Predigt zum 30. Sonntag im Jkr, Lj B (Pfr. Rupert Toferer, Kössen/Schwendt; angeregt durch Gedanken von P. Hans Buob, Biblische Predigten zu den Sonntagsevangelien Lj B, S. 381-386)

Zum blinden Bartimäus hat Jesus die Worte gesprochen: „Geh! Dein Glaube hat dir geholfen“. Im Evangelium ist geschildert wie er seinen Glauben an Jesus gezeigt hat.

Er sitzt auf der Straße, die von Jericho nach Jerusalem hinaufführt. Jericho ist die letzte Station für die Menschen, die von Galiläa kommen und nach Jerusalem hinauf pilgern. Die Menschen mussten also an ihm vorbeikommen.

 

Sein Glaube drückt sich vor allem in den Worten aus mit denen er um Hilfe ruft: „Sohn Davids, Jesus, habe Erbarmen mit mir“!

Er nennt Jesus Sohn Davids, damit bekennt er ihn als Messias. Denn nach dem Alten Testament ist der Messias der „Sohn Davids“. Jesus lässt es geschehen, dass er ihn öffentlich so nennt. Früher hat er es den Menschen, die von ihm geheilt worden sind, verboten von ihm zu reden, weil die Gefahr bestanden hat, in ihm nur einen Wunderheiler zu sehen. Jetzt lässt es Jesus geschehen, dass man ihn Sohn Davids nennt, denn er steht ja unmittelbar vor Jerusalem, wo ihn Leiden, Tod und Auferstehung erwarten, die ihn zum Messias machen.
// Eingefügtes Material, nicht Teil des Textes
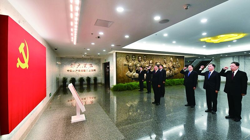 2017年10月31日,中共中央總書(shū)記、國(guó)家主席、中央軍委主席習(xí)近平帶領(lǐng)中共中央政治局常委李克強(qiáng)、栗戰(zhàn)書(shū)、汪洋、王滬寧、趙樂(lè)際、韓正,瞻仰上海中共一大會(huì)址和浙江嘉興南湖紅船。這是31日上午,在上海中共一大會(huì)址紀(jì)念館,習(xí)近平帶領(lǐng)其他中共中央政治局常委同志一起重溫入黨誓詞。 新華社記者 李濤/攝
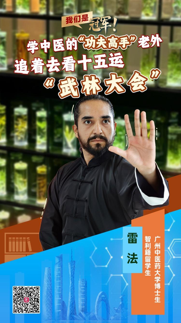 采访即将结束,临别之际,雷法展臂起势,舞了套南拳,一招一式雄劲有力。他身后则是广州中医药大学校训“厚德博学、精诚济世”八个大字。这位曾在地球另一端练习中国武术的智利少年,将把中国文化的种子装进回乡的行囊。

Er ist nicht nur gekommen um Menschen leiblich gesund zu machen, sondern auch die Seele zu heilen von den Wunden der Sünden und ihnen so das wahre Heil zu schenken. Er ist somit das Licht der Welt.

 

Der Blinde bekennt ihn öffentlich als Messias und er schenkt ihm sein ganzes Vertrauen. So ist er als Blinder ein Sehender, ein Glaubender.

 

Sein Glaube zeigt sich auch dadurch, dass er sich von den Menschen in der Pilgergruppe, die ihn zum Schweigen bringen wollten, nicht entmutigen lässt, sondern noch lauter ruft. In seinem Herzen ist er fest davon überzeugt, dass Jesus ihm helfen kann.

Und als ihn Jesus herbeirufen lässt, zeigt Bartimäus seinen Glauben darin, dass er sofort seinen Mantel fallen lässt, aufspringt und auf Jesus zu läuft. Er ist also nicht sitzen geblieben.

Als Jesus ihn fragt, was er für ihn tun soll, zeigt sich sein Glaube darin, dass er seine Bitte ausspricht: „Rabbuni – mein Meister – ich möchte wieder sehen können“.

 

Das Beispiel des blinden Bartimäus ist für uns eine Ermutigung den Glauben an Jesus zu leben. Von Bartimäus werden wir gestärkt uns öffentlich zu Jesus zu bekennen, sich nicht zum Schweigen bringen zu lassen. In unserer Zeit werden die Kräfte immer stärker, die uns hemmen öffentlich von Jesus zu reden.

Wie Bartimäus ruft uns Jesus zu sich und möchte auch für uns Heiland und Erlöser sein. Unser Glaube zu ihm zeigt sich auch darin, dass wir nicht sitzenbleiben, sondern aufstehen und dort hingehen wo er gegenwärtig ist, besonders in der heiligen Messe, in der Anbetung, in den Sakramenten.

 

Unser Glaube zu ihm zeigt sich also auch, wenn wir wie Bartimäus im Gebet unsere Not vor Gott aussprechen. Das Aussprechen ist wichtig. Was nicht ausgesprochen ist, wird nur schwer Heilung erlangen. Das betrifft besonders auch die seelischen Wunden.

 

Liebe Brüder und Schwestern!

Wir sind eingeladen auch Maria, die Mutter der Glaubenden, zu bitten, dass sie uns hilft den Glauben an Jesus zu leben. Jesus hat sie uns am Kreuz zur Mutter gegeben. Und wie Johannes, so sind wir eingeladen sie als unsere Mutter anzunehmen. Das tun wir besonders, wenn wir uns ihrem Herzen weihen. Vom 5. November an besteht wieder die Möglichkeit, die Andacht, „33 Schritte mit Maria zu Jesus“, mitzumachen und sich so auf die Weihe an ihr Unbeflecktes Herz am 8. Dezember vorzubereiten. Im Vorbereitungsheft, das als kleines Geschenk von mir am Schriftenstand aufliegt, heißt es: „Wenn wir uns Maria überlassen, wird sie uns ihren ganz einfachen Glauben vermitteln, ihre mutige Hoffnung und ihre glühende Liebe“. Amen.